**WORK INSTRUCTIONS**: The entries below are to be restated exactly, and their images are to be omitted.

**DATA RECORDS**:
-------

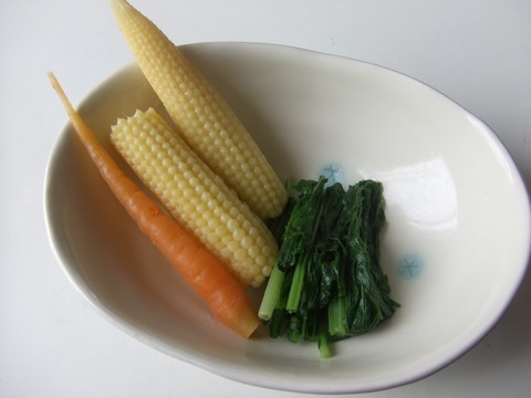 おかずです。量は少ないのですが甘いし香りが良いし、これがけっこう存在感があるのですよ。ヤングコーンとニンジンのおひたし。3日おきぐらいにいただいております。でもこうして写真で改めてみるとウサギの食べ物みたいですね(^o^)。←ポチッと!ランキング参加中
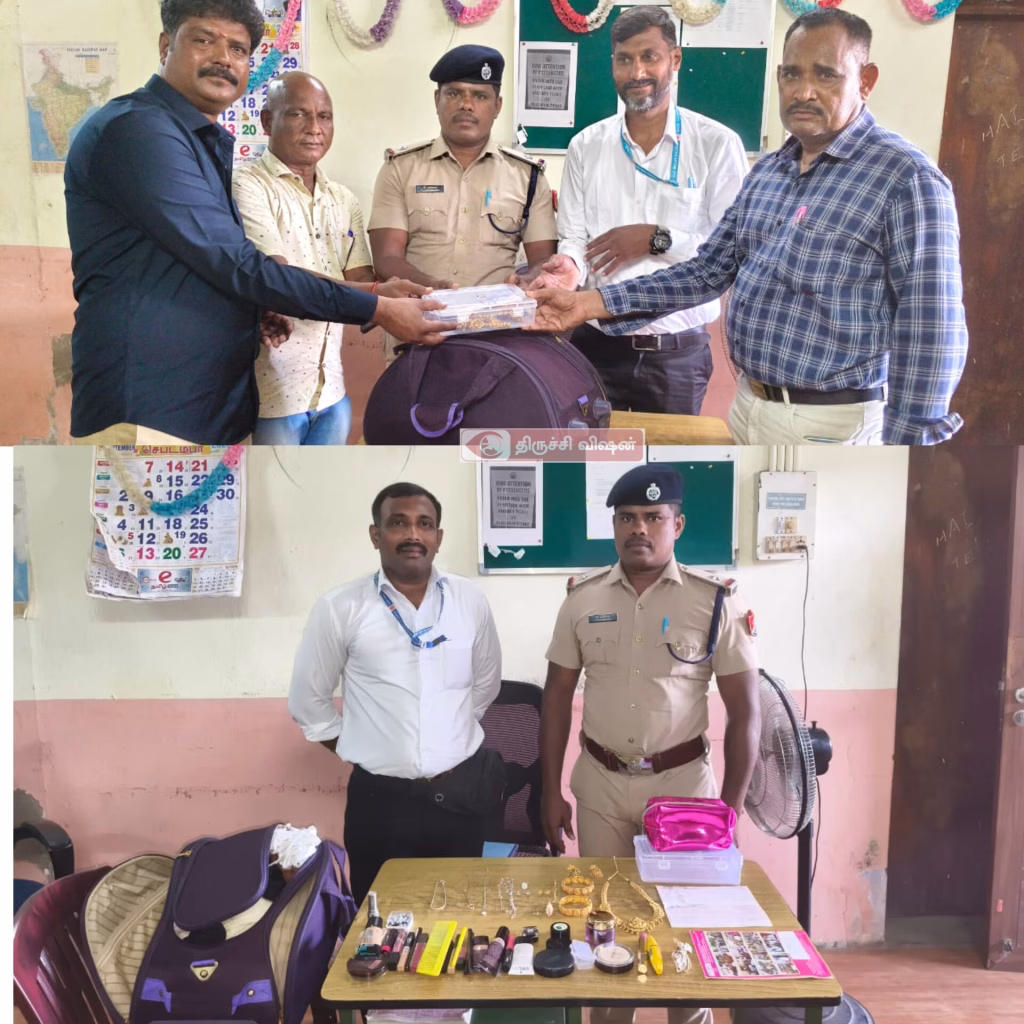 பின்னர், காசோலை விவரங்கள் மூலம் உரிமையாளர் சிவகுமார் (வயது 51), சின்னசெட்டி தெரு, வொரையூர், திருச்சி என அடையாளம் காணப்பட்டார். தேவையான சரிபார்ப்புகள் முடிந்ததும், அந்தப் பையும், அதிலிருந்த மதிப்புமிக்க பொருட்களும் உரியவரிடம் முறையான ரசீது பெற்று ஒப்படைக்கப்பட்டன.
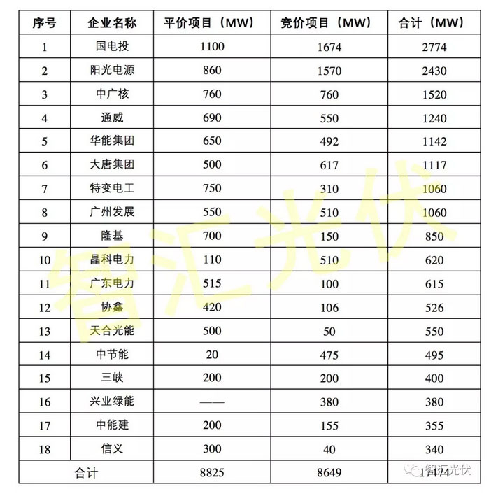 根據(jù)之前公布的第一批平價上網(wǎng)結(jié)果,以及剛剛結(jié)束的競價項目結(jié)果,主要電站投資企業(yè)斬獲的項目規(guī)模如下表所示。
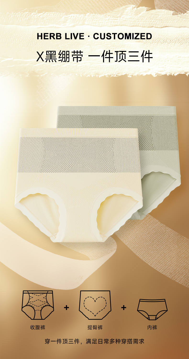 【草本初色】黑绷带轻塑裤2.0【7A抑菌】红山茶润亲肤高腰女士内裤CB
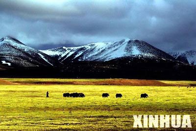 | 2005年6月6日,西藏纳木错的草原美丽如画。海拔4718米的藏北纳木错湖是世界海拔最高的咸水湖泊,位于西藏当雄县与班戈县交界处,湖水水质达到Ⅰ类水域标准。湖水与周围的雪山草地共同形成了藏北地区的旅游胜地。 新华社发 (李颀拯 摄) |
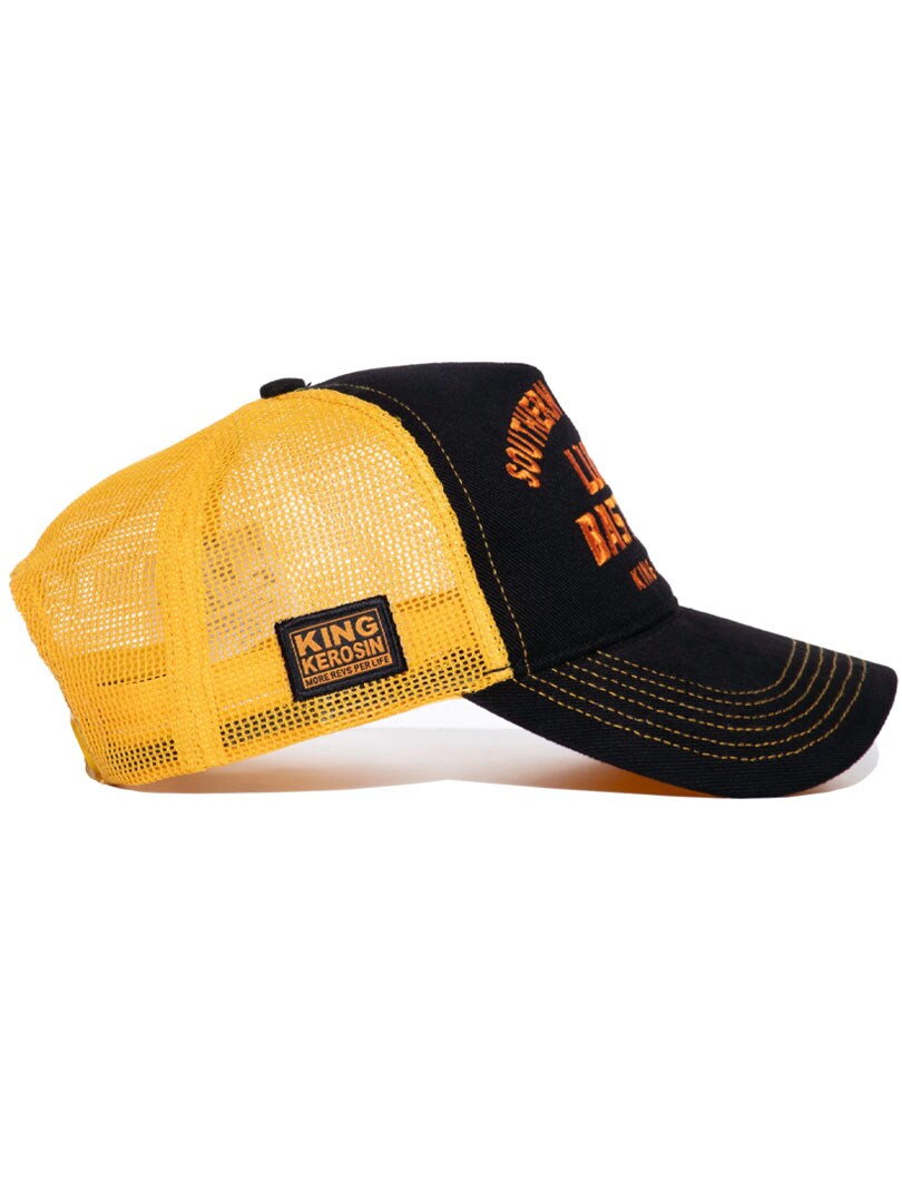 Svart caps designet med oransje mesh bak og spesialtilpasset trykk foran. Den har buet brem og snapback-lukking. Perfekt for solrike dager, roadtrips eller rett og slett som et statement-plagg i hverdagen.

-------

**ANSWER TO THE EXERCISE**:
 おかずです。量は少ないのですが甘いし香りが良いし、これがけっこう存在感があるのですよ。ヤングコーンとニンジンのおひたし。3日おきぐらいにいただいております。でもこうして写真で改めてみるとウサギの食べ物みたいですね(^o^)。←ポチッと!ランキング参加中
 பின்னர், காசோலை விவரங்கள் மூலம் உரிமையாளர் சிவகுமார் (வயது 51), சின்னசெட்டி தெரு, வொரையூர், திருச்சி என அடையாளம் காணப்பட்டார். தேவையான சரிபார்ப்புகள் முடிந்ததும், அந்தப் பையும், அதிலிருந்த மதிப்புமிக்க பொருட்களும் உரியவரிடம் முறையான ரசீது பெற்று ஒப்படைக்கப்பட்டன.
 根據(jù)之前公布的第一批平價上網(wǎng)結(jié)果,以及剛剛結(jié)束的競價項目結(jié)果,主要電站投資企業(yè)斬獲的項目規(guī)模如下表所示。
 【草本初色】黑绷带轻塑裤2.0【7A抑菌】红山茶润亲肤高腰女士内裤CB
 | 2005年6月6日,西藏纳木错的草原美丽如画。海拔4718米的藏北纳木错湖是世界海拔最高的咸水湖泊,位于西藏当雄县与班戈县交界处,湖水水质达到Ⅰ类水域标准。湖水与周围的雪山草地共同形成了藏北地区的旅游胜地。 新华社发 (李颀拯 摄) |
 Svart caps designet med oransje mesh bak og spesialtilpasset trykk foran. Den har buet brem og snapback-lukking. Perfekt for solrike dager, roadtrips eller rett og slett som et statement-plagg i hverdagen.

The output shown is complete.